Cash for…Caulkers? | Citizens Against Government Waste

Cash for…Caulkers?

The WasteWatcher

“Cash for Caulkers” sounds like a comical spin-off of the notorious “Cash for Clunkers” program.  But on May 6, 2010, the House of Representatives made sure this was no joke, voting 246-161 in favor of H.R. 5019, the Home Star Energy Retrofit Act of 2010.  The legislation authorizes a $5.7 billion program that will offer rebates to homeowners for renovations made using energy-efficient “green” materials, including better insulation and energy-saving windows and doors.

The Silver Star Home Energy Retrofit Program would provide rebates in varying amounts up to $3,000 for performing qualifying energy savings measures that meet efficiency and installation targets and standards.  Similarly, the Gold Star Program would provide rebates of up to $8,000 for retrofits that achieve whole home energy savings determined by a comparison of the simulated energy consumption of the home before and after the retrofit. 

The bill also authorizes $600 million for the purchase of replacement Energy Star-rated manufactured homes.  Additionally, a homeowner can receive $7,500 for the destruction and replacement of a manufactured home if income limits are met. 

Despite the $13 trillion national debt and nearly 10 percent unemployment rate, the Obama administration stubbornly stands by its big-spending agenda and has touted this program as yet another “jobs” bill.  Proponents argue that the program will stimulate the economy, lower greenhouse gas emissions and electric bills by decreasing overall energy use.

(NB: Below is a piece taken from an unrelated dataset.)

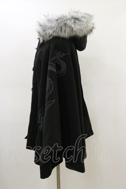 Qutie Frash / ファーフードポンチョコート 黒 H-26-03-01-033-QU-CO-KB-ZH

Republicans overwhelming opposed the bill due to its hefty price tag, pointing out that Cash for Caulkers is nothing more than a corporate welfare program and a bailout of politically connected for-profit companies.  The powerful U.S. Chamber of Commerce worked alongside the National Association of Manufacturers, Dow Chemical, the Laborers’ International Union of North America, the contracting industry and the window industry lobbying for this bill.

Republicans, however, took home a small victory, attaching a condition that the program be terminated if Democrats do not find a way to finance it without driving up the federal deficit. They were also successful in removing a $324 million program in the original bill for states to provide funds to qualified financing entities for the installation of qualifying energy savings measures or whole-home energy savings.

This “Cash for Caulkers” program is separate from an energy tax credit of up to $1,500 that was included in the last year’s American Reinvestment and Recovery Act for Energy Star appliances.  In March, the Government Accountability Office (GAO) released a report exposing some major flaws in the Energy Star program, including findings that the government had endorsed 15 fake products of 23 submitted for approval by GAO, including a gasoline powered alarm clock and an electric hammer. 

The two-year program will be administered through the Department of Energy (DOE), which has already proven to be an abysmal manager of the $4.7 billion Recovery Act weatherization program, under which only 30,297 homes have been weatherized, about 5 percent of the overall goal of more than 600,000.  The Home Star Energy Retrofit Program will undoubtedly experience the same administrative, implementation and oversight problems. 

The national debt continues to grow rapidly, yet lawmakers decided to spend billions of taxpayer dollars on a superfluous program that sets onerous technical requirements, picks private sector winners and losers, and hands the reigns over to a mismanaged DOE to dole out funds.  Taxpayer money was squandered on the infamous “Cash for Clunkers” program; this “Cash for Caulkers” program will be no different.